Fotos: © marcosGpunto
El Arco, último trabajo del coreógrafo y bailarín Daniel Abreu, viene a certificar unas cuantas cosas de su trayectoria y de la escena. Por un lado, ese grado de compromiso artístico que el creador ostenta desde sus inicios y que le mantienen en un discurso exclusivo. Muy lejos de asentarse en preceptos acomodaticios o fórmulas que funcionen y pueden llegar a repetirse hasta el agotamiento, el coreógrafo suele traspasar la frontera de lo consabido sin importar más riesgo que el que te proporciona un verdadero pacto contigo mismo. En esta línea, Abreu firma en El Arco una coreografía que avanza por nuevas dimensiones corporales (que ya se adivinaron en El Hijo, su obra anterior) siempre soldadas a la exigencia dancística, el rigor y la riqueza de vocabulario, y plantea novedosas líneas y volúmenes, curvas y arcos, sin salirse de esa fluidez poética que corona su lenguaje. Por otro lado, y precisamente por todo lo expuesto, certifica también esta pieza la capacidad de un coreógrafo para mantenerse alejado de tendencias frugales de la escena del momento, en pos de la coherencia y la profundidad.

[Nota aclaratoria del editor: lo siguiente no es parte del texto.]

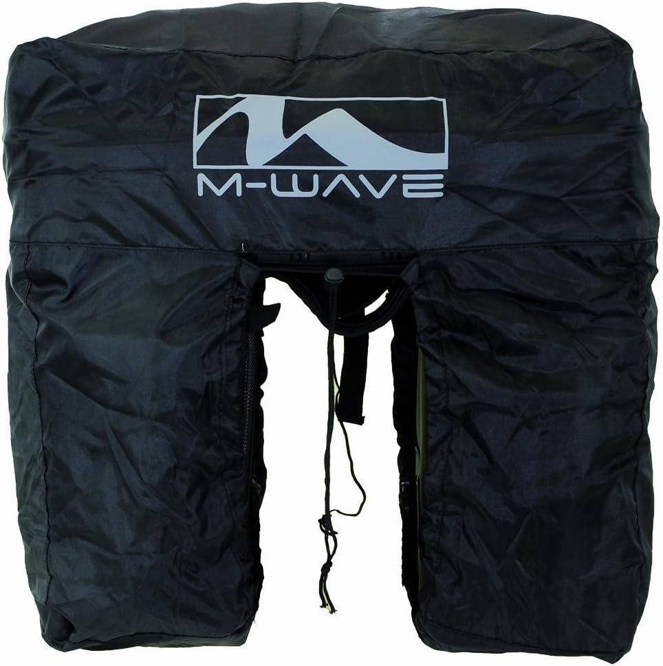 රූපය 1: The M-Wave Pannier Rain Cover, shown in black, designed to fit over bicycle panniers. It features a central opening for the bike rack and a drawstring closure at the bottom.
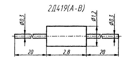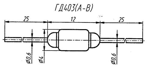 На рисунке 2.16 показана конструкция германиевых микросплавных высокочастотных диодов ГД403А, ГД403Б, ГД403В, предназначенные для применения в качестве детекторов амплитудно-модулированных сигналов в радиовещательных приёмниках. Они выпускаются в металлостеклянном корпусе с гибкими выводами. Тип диода и схема соединения электродов с выводами приводится в корпусе. Масса диода не более 0,6г.
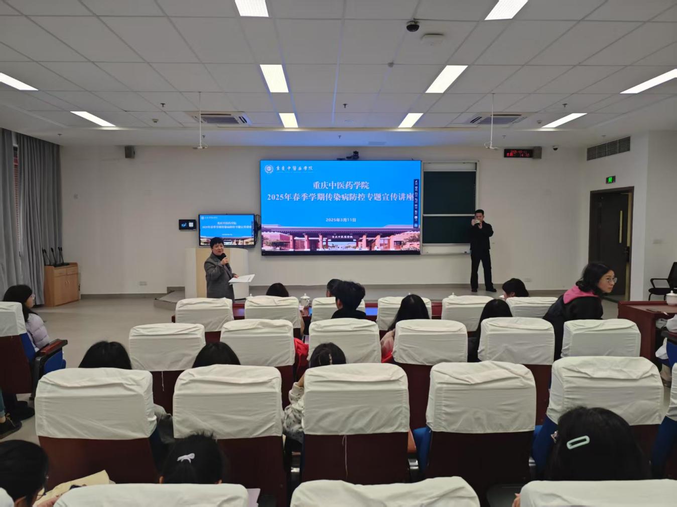 为进一步加强校园传染病防控工作,提升师生健康防护意识,3月11日,我院后勤保卫处联合学生社团中医药健康管理社共同举办了学院2025年春季学期传染病防控专题讲座,讲座内容丰富,吸引了150余名教师和学生现场听讲。
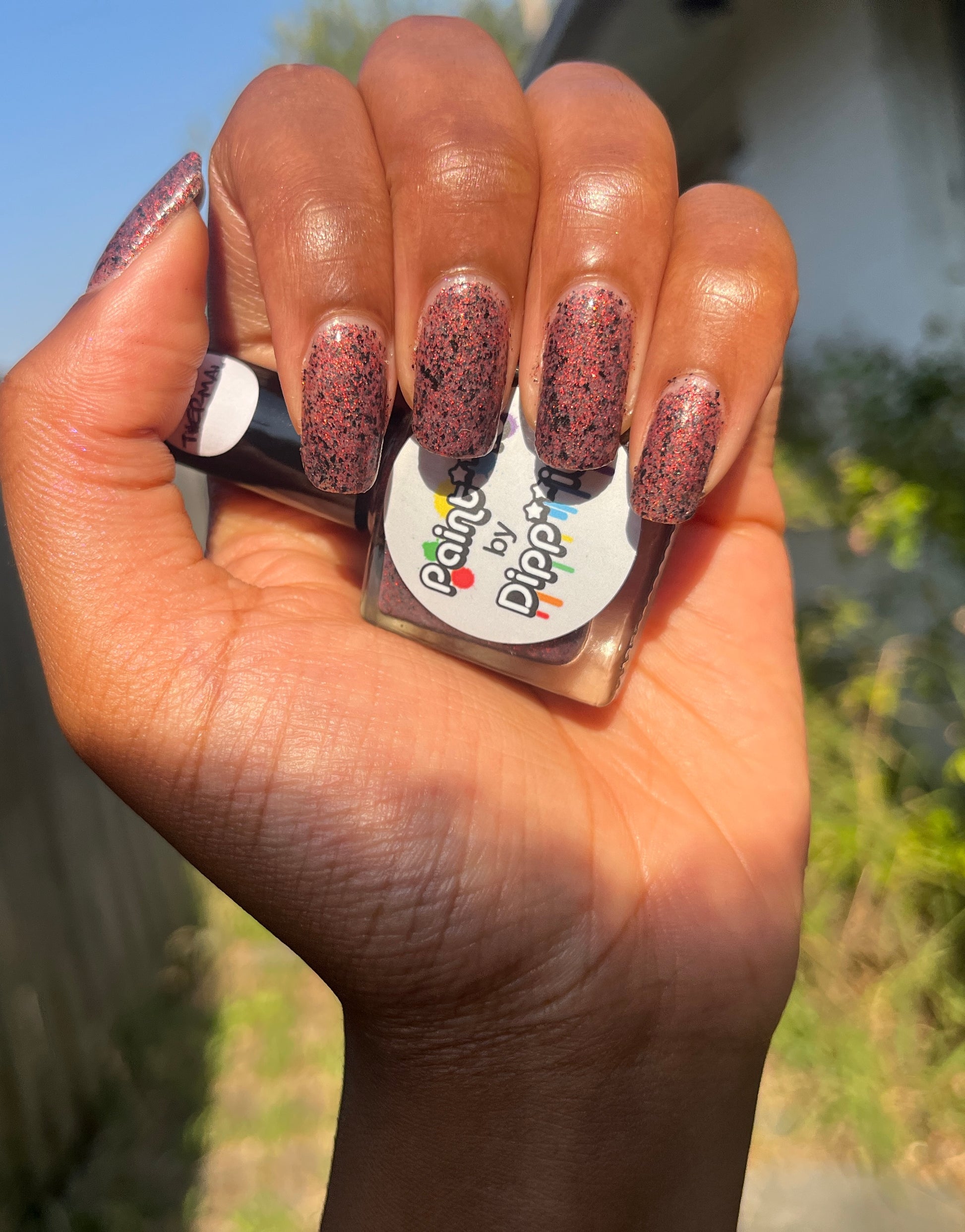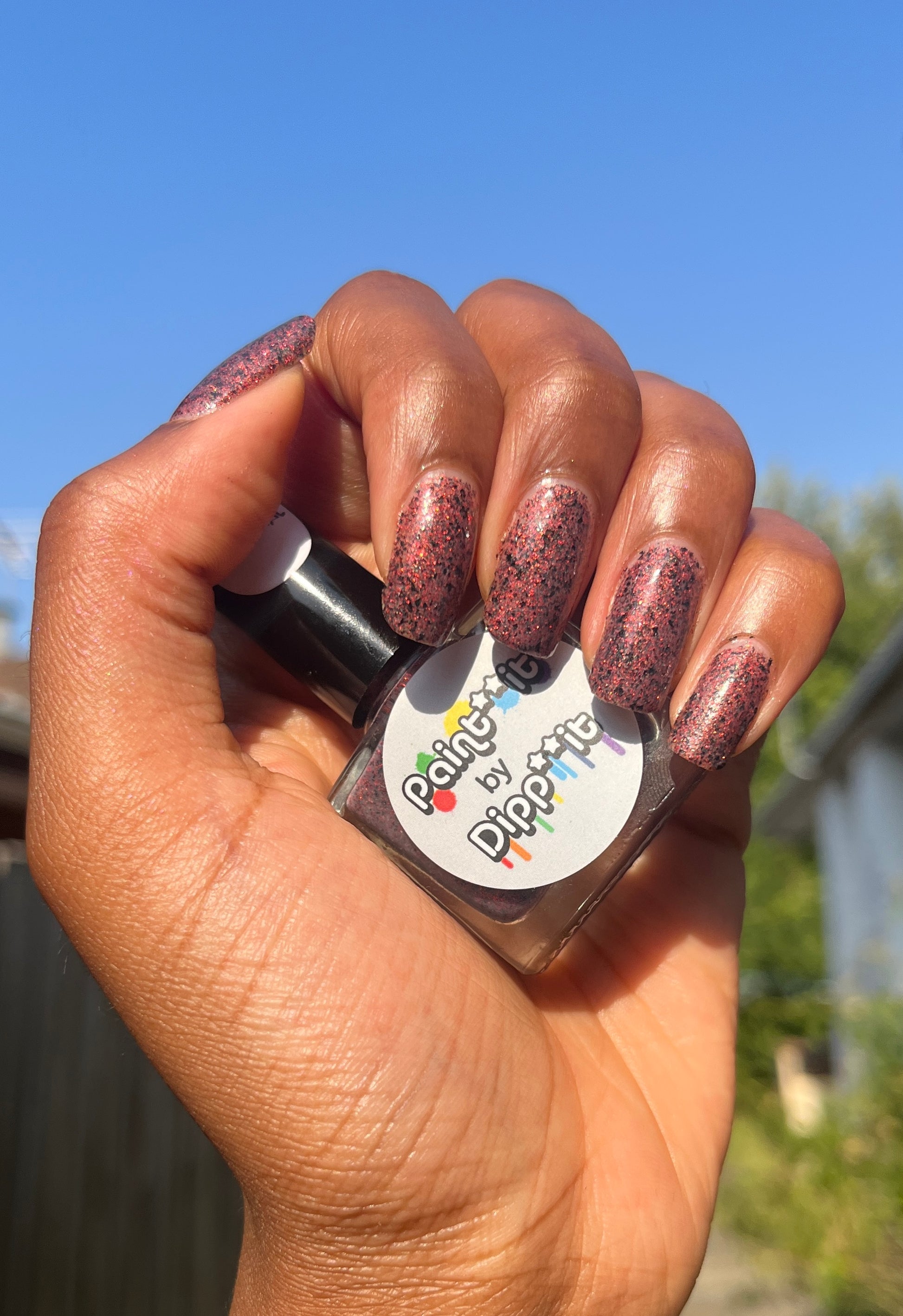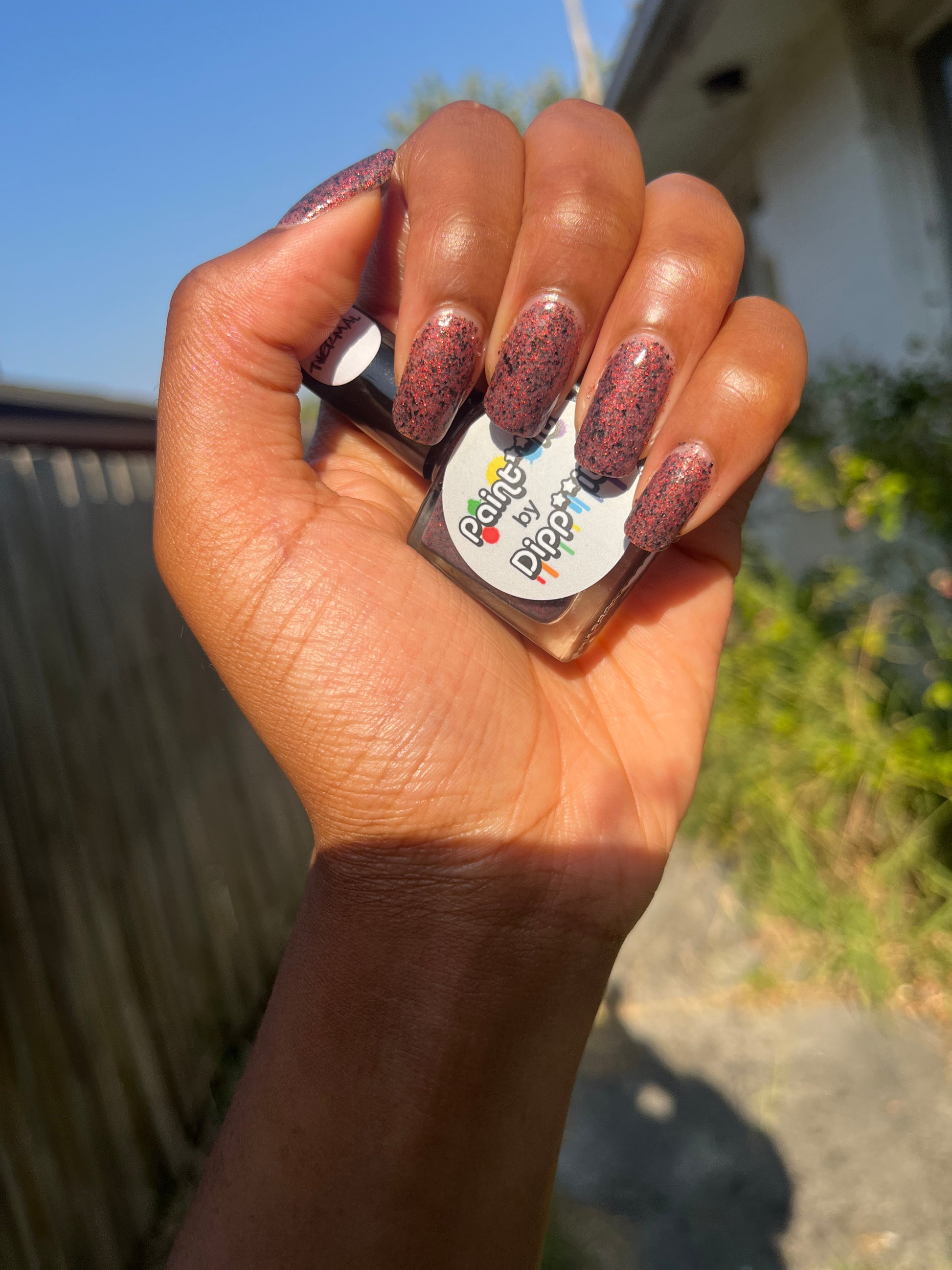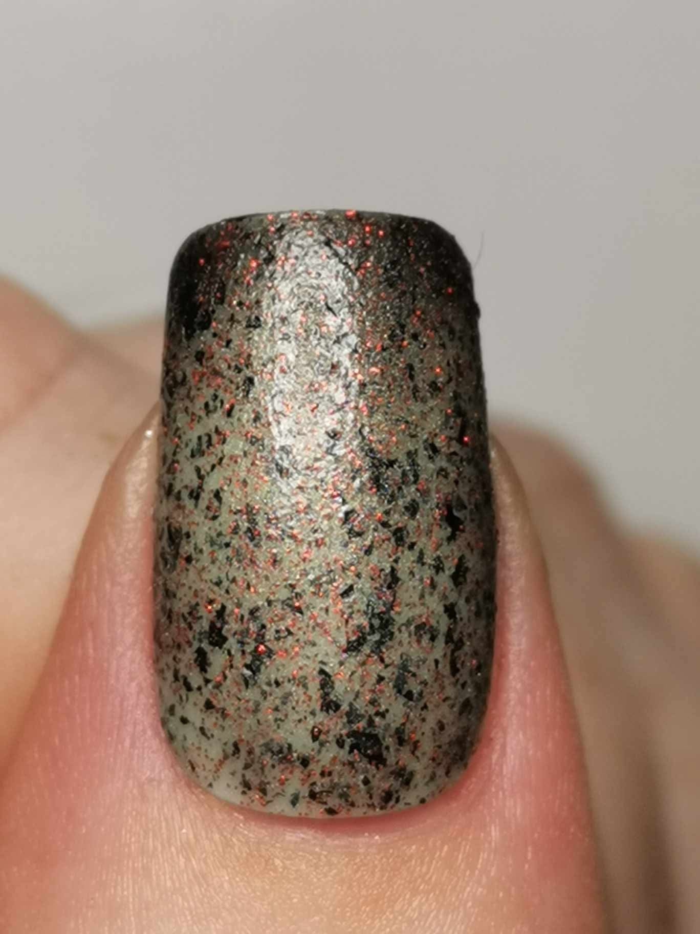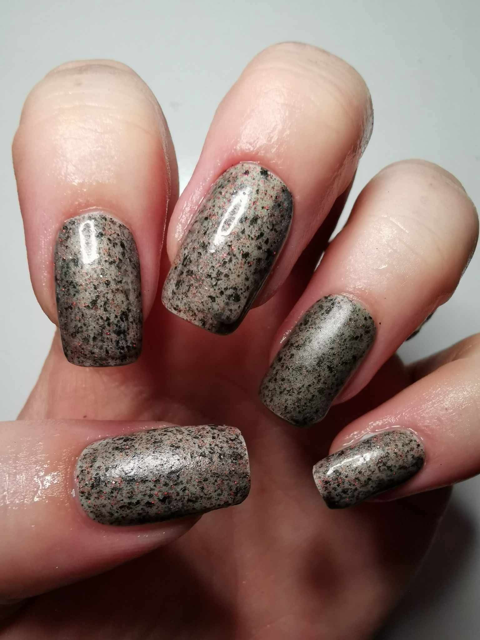 Rfa is a black to grey thermal polish filled with black micro flakes and fine red glitter. It is opaque in two coats depending on nail length and application.

El Arco bien podría ser la historia de un acompañamiento, el de tres intérpretes transitando hacia una luz, por ejemplo esa que brilla al final de cualquier túnel; o la que aparece como una tormenta eléctrica, pero se va antes de poder descifrarla; o la que de manera intermitente, acaba definiendo esquinas y rincones. Abreu, junto a la también bailarina Dácil González (ambos, premios nacionales de danza), y la compositora e intérprete Elisa Tejedor, se escoltan y se sujetan durante una hora, a través de la danza y la música, en una travesía de sombras y enigmas hacia la curvatura de la luz. La relación del trío en escena se sostiene en la fuerza de lo implícito; en el estar sin ruido; en asociarse respetando los espacios del movimiento y el sonido. Con un cello eléctrico, Tejedor interpreta en directo, en solitario y compartiendo escena con los bailarines, lo que puede verse como un sutil canto de Orfeo por el que transcurre la propuesta, desplegada en escenas o paisajes, otra máxima del hacer de Abreu.
Pintados de negro y arropados por unos exquisitos y policromados vestuario e iluminación, que son atravesados por el oscuro, el rojo, el azul, el verde y finalmente, el blanco, Abreu y González se sujetan con la comunicación y complicidad a la que nos tienen acostumbradas, en una lúcida y concluyente expedición hacia la luminiscencia.